Clustering Mashups by Integrating Structural and Semantic Similarities Using Fuzzy AHP

Clustering Mashups by Integrating Structural and Semantic Similarities Using Fuzzy AHP

Weifeng Pan (School of Computer Science and Information Engineering, Zhejiang Gongshang University, China), Xinxin Xu (School of Computer Science and Information Engineering, Zhejiang Gongshang University, China), Hua Ming (School of Engineering and Computer Science, Oakland University, USA) and Carl K. Chang (Department of Computer Science, Iowa State University, USA)
Copyright: © 2021 |Pages: 24
DOI: 10.4018/IJWSR.2021010103
OnDemand PDF Download:
Available
$37.50
No Current Special Offers
TOTAL SAVINGS: $37.50

Abstract

Mashup technology has become a promising way to develop and deliver applications on the web. Automatically organizing Mashups into functionally similar clusters helps improve the performance of Mashup discovery. Although there are many approaches aiming to cluster Mashups, they solely focus on utilizing semantic similarities to guide the Mashup clustering process and are unable to utilize both the structural and semantic information in Mashup profiles. In this paper, a novel approach to cluster Mashups into groups is proposed, which integrates structural similarity and semantic similarity using fuzzy AHP (fuzzy analytic hierarchy process). The structural similarity is computed from usage histories between Mashups and Web APIs using SimRank algorithm.

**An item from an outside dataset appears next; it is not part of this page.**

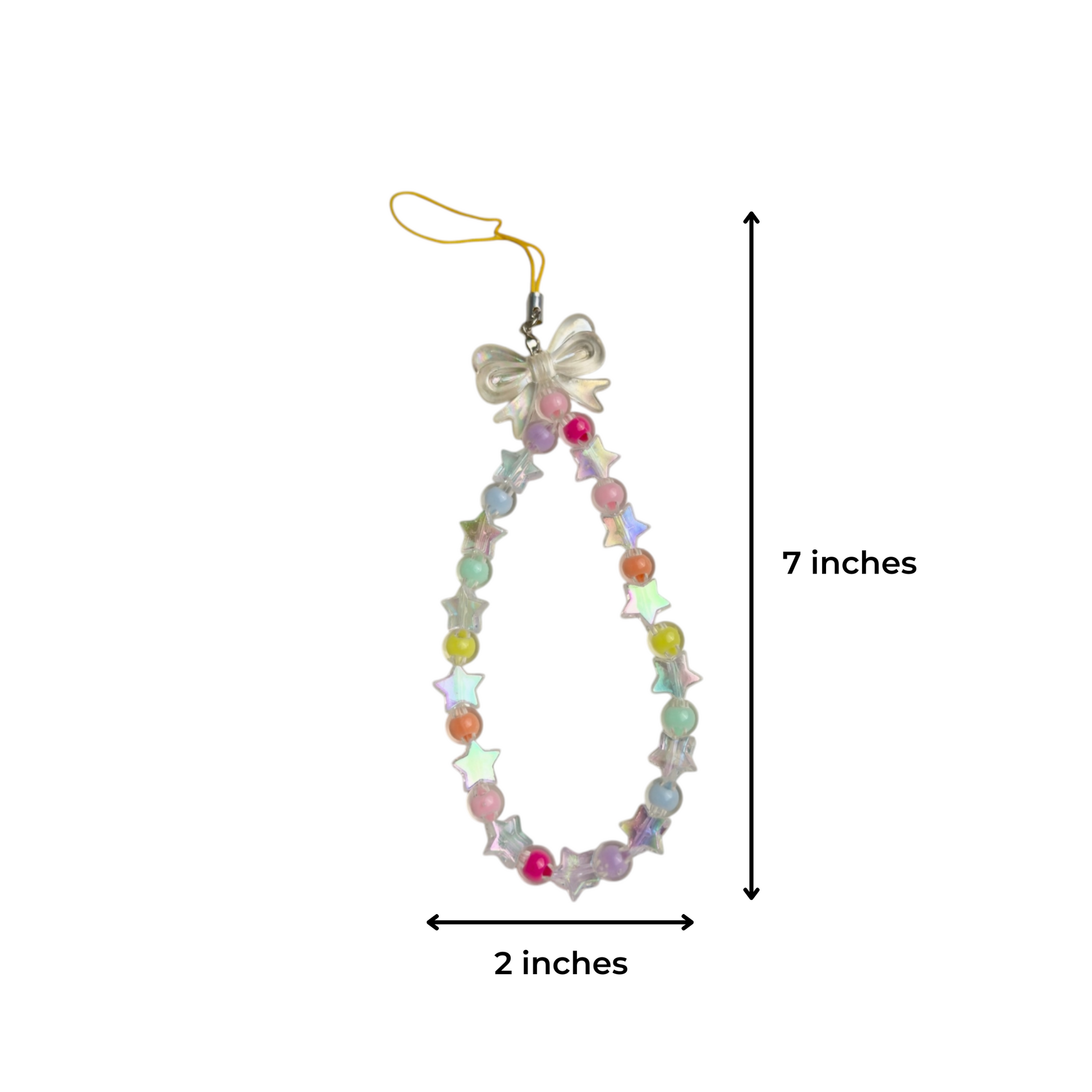 - Made with pastel acrylic beads + iridescent star accents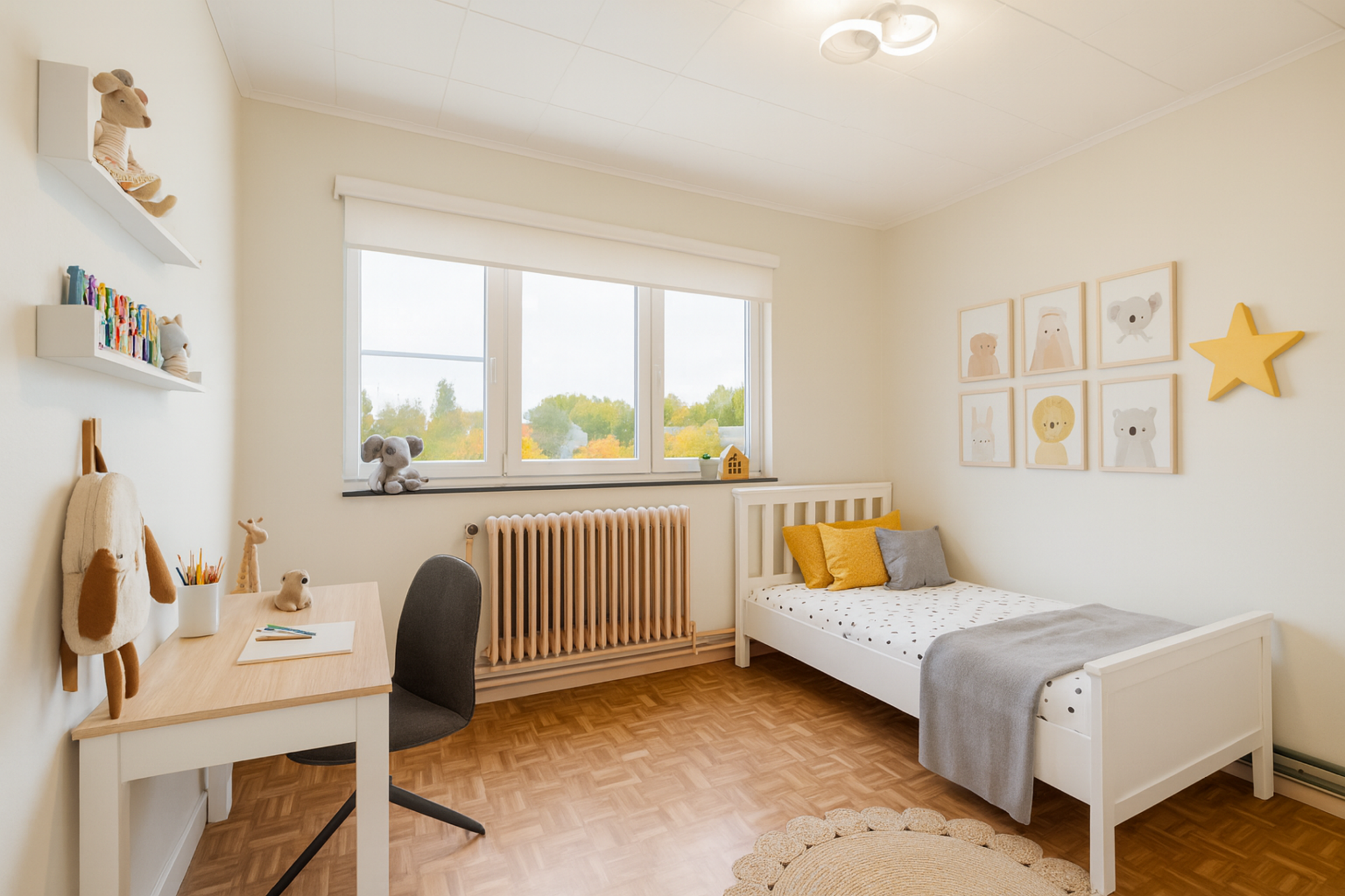 La situation est un véritable atout : un quartier résidentiel calme avec toutes les commodités accessibles à pied. Écoles, commerces, arrêts de bus et la gare de De Pinte sont facilement accessibles. En voiture, vous êtes à quelques minutes de l’E17, offrant une excellente connexion vers Gand et Courtrai.

The semantic similarity is computed from the descriptions and tags of Mashups using LDA (latent dirichlet allocation). A clustering algorithm based on the genetic algorithm is employed to cluster Mashups. Comprehensive experiments are performed on a real data set collected from ProgrammableWeb. The results show the effectiveness of the approach when compared with two kinds of conventional approaches.
Article Preview
Top

Introduction

Services are a special kind of software component, which are developed and deployed by different vendors. They are available over the Internet, and can be used to provide certain business functionalities (Zhang et al., 2013). However, an individual service usually contains limited functionality. People need to combine several services to satisfy complex requirements in the real world (Chen et al., 2015). “Mashup” has become an important technique to develop applications (i.e., Mashups) by composing services (i.e., Web APIs) (Xia et al., 2014), and can be seen as a novel way to perform service composition (Zhang et al., 2010). Up to now, a large number of Mashups have been published. These Mashups are usually contained in online repositories such as ProgrammableWeb (PWeb) (ProgrammableWeb, 2017), myExperiment (myExperiment, 2017), and Biocatalogue (Biocatalogue, 2017). These repositories provide tools to help users search and browse the Mashups that satisfy their requirements. However, with the number of Mashups being so large, Mashups discovery has become a challenge and takes a lot of time (Zhang et al., 2016).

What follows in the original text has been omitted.